> _Dataset excerpt_
------------------------------------------------------------

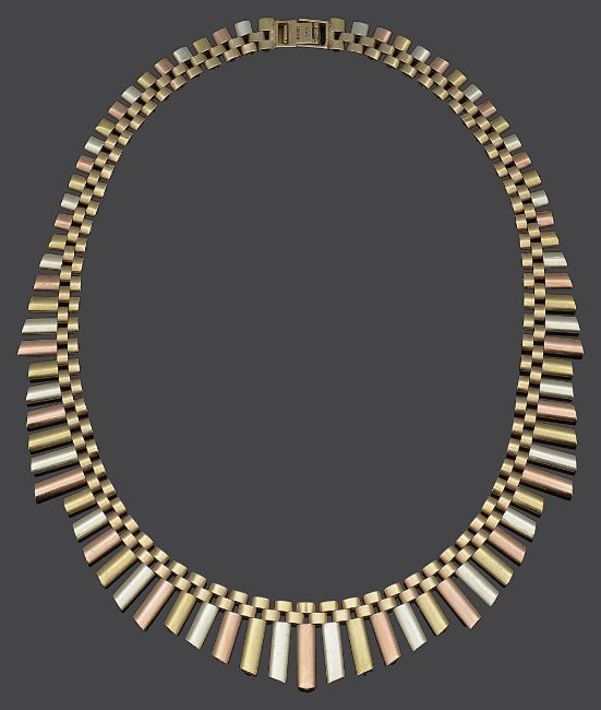 of alternating and graduated lengths, marked on the clasp 9 3.75 and makers initials L.V.L
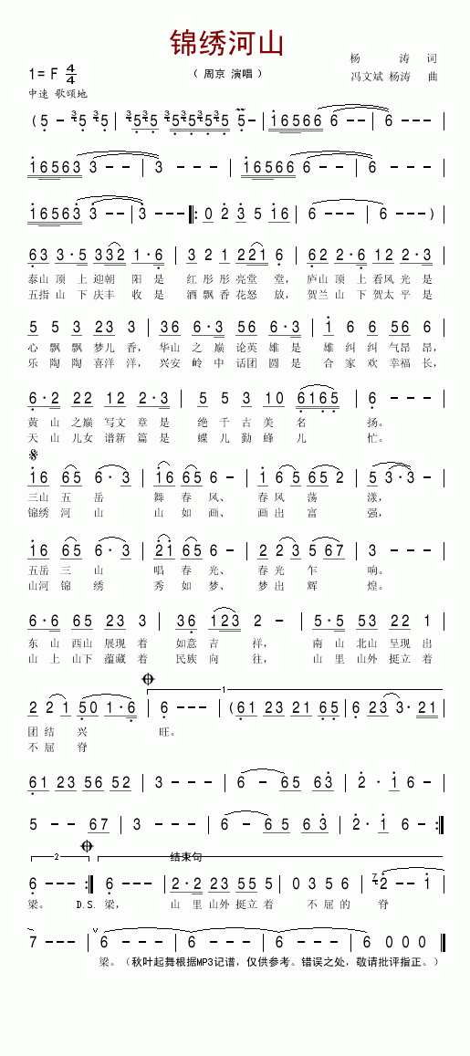 >> 锦绣河山-周京(简谱)
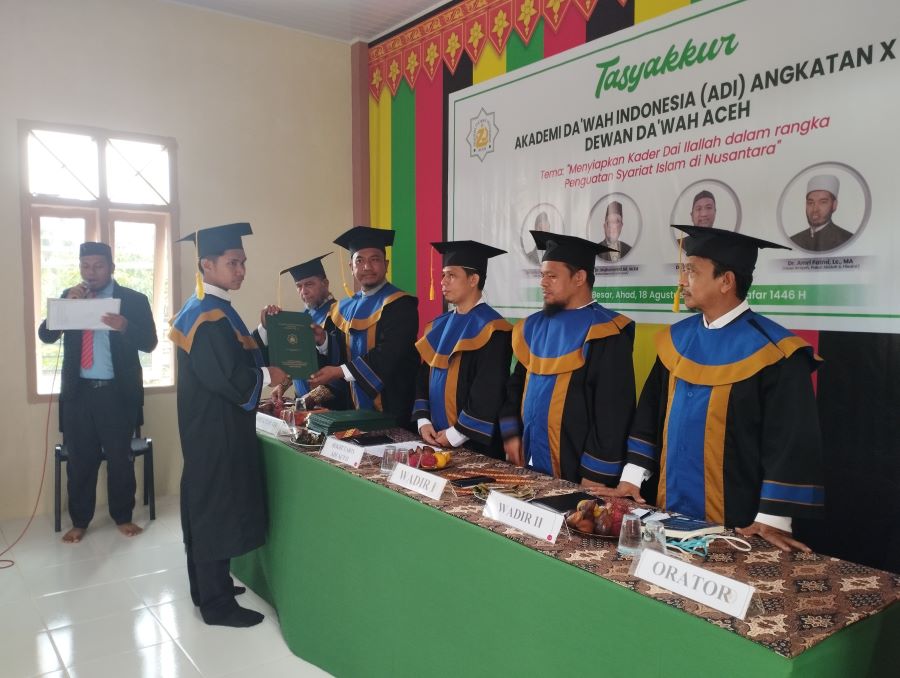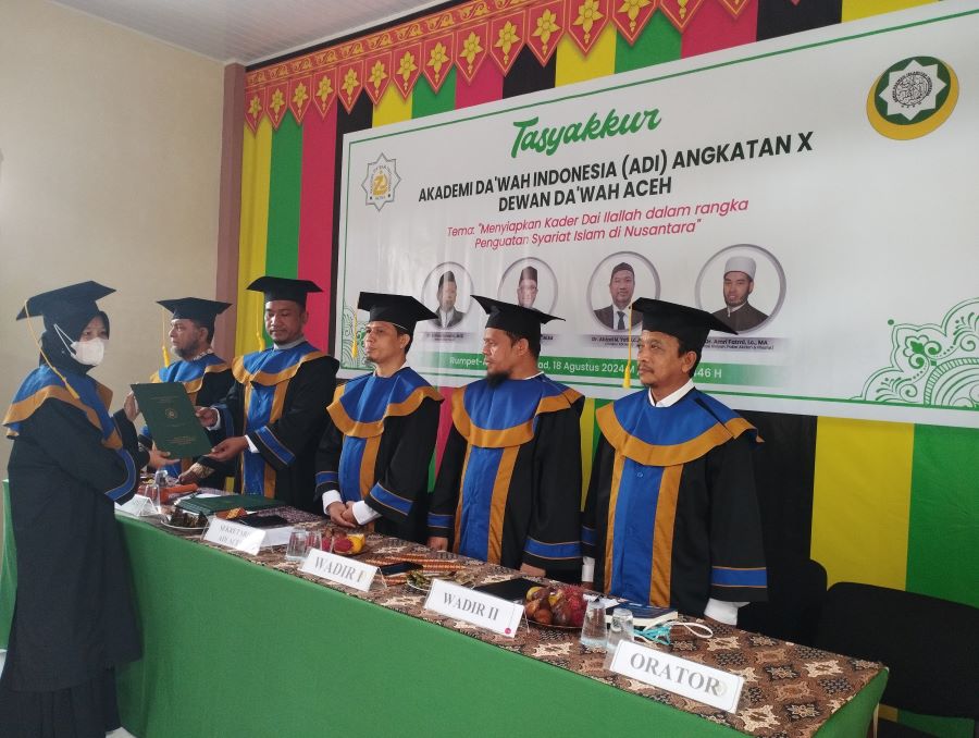 ACEH BESAR (Waspada): Akademi Dakwah Indonesia (ADI) Aceh yang merupakan lembaga pendidikan dibawah Dewan Da’wah Islamiyah Indonesia menggelar acara wisuda/tasyakuran angkatan X tahun akademik 2023/2024 di kampus ADI Komplek Markaz Dewan Dakwah Aceh (DDA), Gampong Rumpet, Kecamatan Krueng Barona Jaya, Aceh Besar, Minggu (18/8/2024).
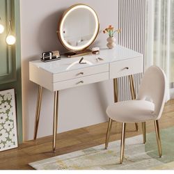 KDCAS Vanity Desk with Mirror and Lights| 39" Beige Modern Makeup Vanity Set with Drawers & Adjustable Chair| White and Gold Dressing Table for Small $100Springfield, PA

------------------------------------------------------------

Restate the data above word for word. Do not include the images.

 of alternating and graduated lengths, marked on the clasp 9 3.75 and makers initials L.V.L
 >> 锦绣河山-周京(简谱)
 ACEH BESAR (Waspada): Akademi Dakwah Indonesia (ADI) Aceh yang merupakan lembaga pendidikan dibawah Dewan Da’wah Islamiyah Indonesia menggelar acara wisuda/tasyakuran angkatan X tahun akademik 2023/2024 di kampus ADI Komplek Markaz Dewan Dakwah Aceh (DDA), Gampong Rumpet, Kecamatan Krueng Barona Jaya, Aceh Besar, Minggu (18/8/2024).
 KDCAS Vanity Desk with Mirror and Lights| 39" Beige Modern Makeup Vanity Set with Drawers & Adjustable Chair| White and Gold Dressing Table for Small $100Springfield, PA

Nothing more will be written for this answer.